Yes, that's normal. Why would you want to use a tool that's specifically made for installing ports to install packages? Just use pkg(1).


----------



## Hanky-panky (Feb 26, 2014)

SirDice said:
			
		

> Yes, that's normal. Why would you want to use a tool that's specifically made for installing ports to install packages? Just use pkg(1).


Becouse with the old package/ports manager system it can.

We can't forget pkg is used to install and manage compiled ports, so many things are changed with new package system adoption, even for people still compiling ports.


----------



## SirDice (Feb 26, 2014)

The old package system wasn't as "smart" as the new one either. Just use pkg(1).


----------



## Hanky-panky (Feb 26, 2014)

SirDice said:
			
		

> The old package system wasn't as "smart" as the new one either. Just use pkg(1).

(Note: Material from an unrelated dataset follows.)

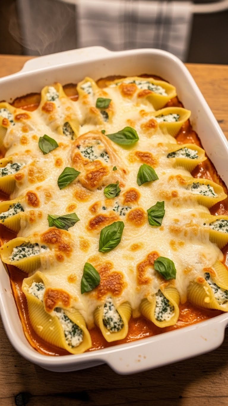 - Mix ricotta with salt, pepper, and mozzarella, then stuff shells.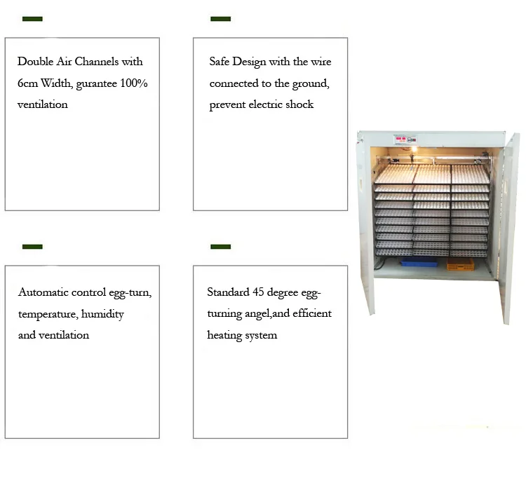 | Packaging Detail: | Electric Powered Capacity 5000 Eggs Incubator Hatcher Machine packed in thick foam, and then packed in plywood; | Warranty: | 3 years; |

I do, with some problems in everyday task with porrts I didn't had before.


----------



## tzoi516 (Feb 26, 2014)

I thought pkg(8) was only used via ports-mgmt/portmaster to install dependencies that were eventually deleted after the port was installed?


----------



## wblock@ (Feb 26, 2014)

No, pkg(8) is the new package manager.  It keeps track of packages that have been installed, which includes things that were built from ports.


----------



## tzoi516 (Feb 26, 2014)

I know it's the new package manager. I thought ports-mgmt/portmaster had a setting that allowed dependencies to be installed via pkg(8) to expedite a port installed - why compile what you won't need afterward? I guess I was wrong.


----------



## kpa (Feb 26, 2014)

tzoi516 said:
			
		

> I know it's the new package manager. I thought ports-mgmt/portmaster had a setting that allowed dependencies to be installed via pkg(8) to expedite a port installed - why compile what you won't need afterward? I guess I was wrong.



It's disabled with the new PKGNG packages because the current maintainers of ports-mgmt/portmaster (who also happen to be in the current portmgr@freebsd.org team ) don't like the sloppy nature of how it works. It's left on for the old packages so the users get the least amount of surprises with the old packages.


----------



## wblock@ (Feb 26, 2014)

Oh.  Well, I believe using new binary packages is not supported in portmaster yet.  The opposite point of view is "why mess with binary package dependency problems when you can just compile the build dependencies from ports?"  But leaving build dependencies present can be an optimization for time rather than space.


----------